In this case, the Judicial Committee of the Privy Council dismissed the Mauritius Revenue Authority’s (MRA) appeal and confirmed that a Mauritius-resident operating company receiving incidental interest income is entitled to the 80% partial exemption under item 7 of Sub-part B of Part II of the Second Schedule to the Income Tax Act 1995 (ITA). This is provided that it carries out the core activities generating that income in Mauritius with adequate substance.
Background
As part of Mauritius’s response to OECD BEPS Action 5 concerns regarding harmful tax practices, the global business company preferential tax regime was replaced by a substance-based partial exemption framework with effect from 1 January 2019.
Under item 7 of Sub-part B of Part II of the Second Schedule to the ITA, 80% of interest income derived by a qualifying company is exempt from income tax, subject to the company satisfying substance conditions prescribed in regulation 23D(2) of the Income Tax Regulations 1996.

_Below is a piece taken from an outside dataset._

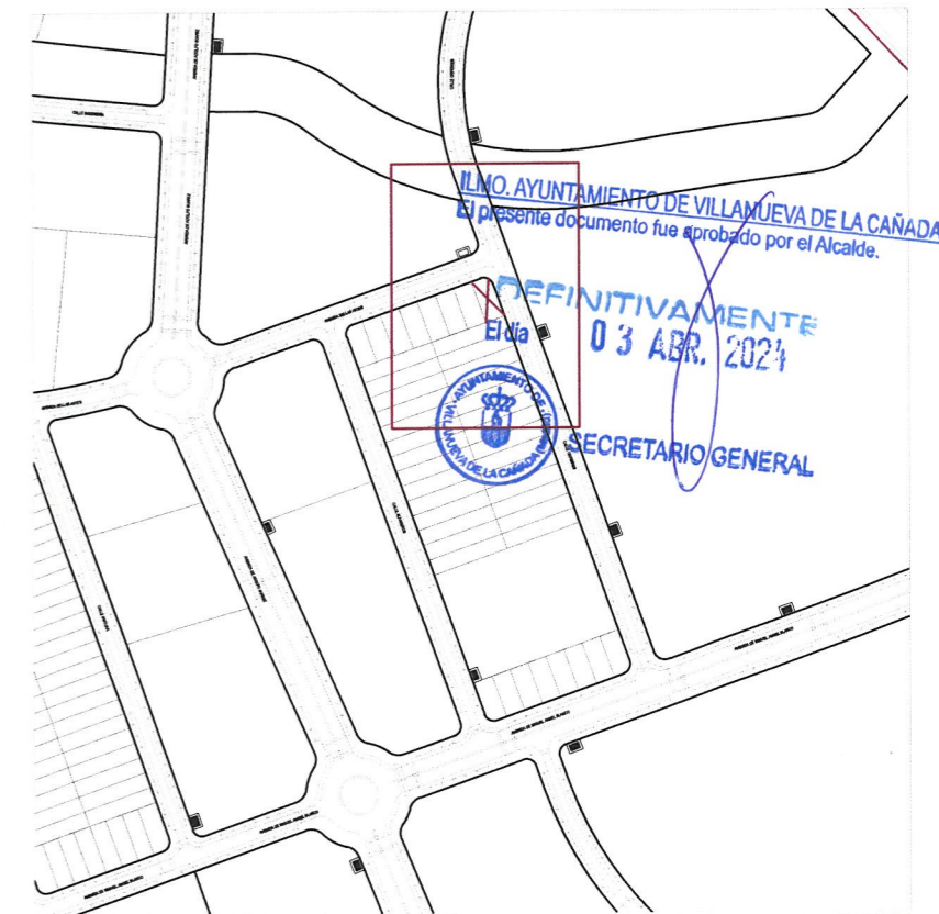
Plano de emplazamiento

These conditions require the company to: (i) carry out its ‘core income generating activities’ in Mauritius; (ii) employ an adequate number of suitably qualified persons to conduct those activities; and (iii) incur minimum expenditure proportionate to its level of activities. The same formula is used across multiple exemption items in the Second Schedule (including ship/ aircraft leasing and reinsurance income), with only the list of activities varying.
The facts
Alteo Energy Ltd (Alteo) is incorporated and domiciled in Mauritius and principally engaged in electricity production, with sales to the Central Electricity Board accounting for 95.7% of its total income in the 2019/20 tax year. Alteo also received interest on certain loans it had made, representing approximately 0.25% of its total income – an amount incidental to its main business.
The MRA denied the 80% partial exemption on this interest income on the basis that Alteo’s core business activities were electricity production rather than money-lending. The Assessment Review Committee upheld the MRA’s position. The Supreme Court of Mauritius allowed Alteo’s appeal, though on reasoning subsequently found to be incorrect by the Privy Council.

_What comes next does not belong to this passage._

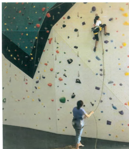
23 【照片一】 24

20 2. 經查，人工攀岩場之攀岩活動既有之傳統人力確保，由 21 雙人一組進行攀岩活動，分別為實際攀爬的攀岩者和確 22 保安全的確保員，如照片一所示。
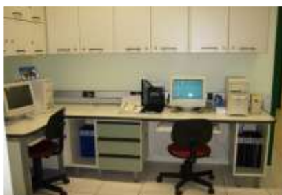
Sala de preparo do Laboratório de Química

Este ambiente serve de apoio para preparar as atividades práticas, bem como selecionar os materiais, preparar soluções, conservar reagentes, soluções químicas, realizar pesagens, incubar amostras, entre outras.

The issue before the Privy Council
The central question was whether Alteo satisfied the first substance condition in regulation 23D(2)(a)-that it ‘carries out its core income generating activities in Mauritius’.
Two sub-issues arose:
- does ‘income’ refer to all of the company’s income or only the specific category of income eligible for the exemption (ie interest)?; and
- does ‘core’ require the income-generating activities to be the company’s core business, or merely that the essential activities generating that specific income are conducted in Mauritius?
The decision
The Board (Lord Leggatt delivering the judgment) dismissed the MRA’s appeal, holding as follows:
On ‘income’: The Supreme Court was wrong to interpret ‘income’ as referring to all of the company’s income. It means only income of the type capable of benefiting from the specific exemption (here, interest income). This follows from the function of regulation 23D(2) as a gateway to the item 7 exemption, reflects the OECD substantial activity requirement’s purpose of linking specific exempted income to the core activities producing it, and is confirmed by the use of the same formula across multiple exemption items with only the illustrative activities varying.
On ‘core’: The word ‘core’ qualifies ‘income generating activities’. It requires that the essential activities generating the relevant income are carried out in Mauritius. It does not impose a requirement that the income-generating activity be the company’s principal or central business. The regulation does not restrict the nature of the company’s business; it merely requires that wherever the relevant income-generating activities are performed, they be located in Mauritius.
Application: Since all of Alteo’s activities were carried out in Mauritius with adequate qualified staff and proportionate expenditure, the substance conditions were satisfied. The Board preferred a broader view of Alteo’s operations (focusing on the substance of the company’s activities as a whole) particularly given that the interest was an incidental by-product of its main electricity business.
Key takeaways
This Privy Council ruling is of direct relevance to global business companies and other Mauritius-resident entities relying on the substance-based partial exemptions in Part II of the Second Schedule to the ITA. The decision clarifies that:
- The substance test is assessed by reference to the specific category of income for which the exemption is claimed, not the company’s total income.
- A company need not have the relevant income-generating activity as its core business to qualify. Incidental income (such as interest on loans made by an operating company) can benefit from the partial exemption provided the activities generating it are genuinely carried out in Mauritius with adequate substance.
- The MRA cannot deny the partial exemption merely because the income-generating activity is not the company’s principal business line.
- The same reasoning applies to the other exemption items using the identical ‘core income generating activities’ formula (eg ship/ aircraft leasing under item 42 and reinsurance income under item 46).
This decision provides helpful comfort to Mauritius-resident companies, including operating companies outside the traditional ‘global business’ sector, that receive incidental interest or other item-specific exempt income alongside a different principal business, provided genuine substance in Mauritius is maintained.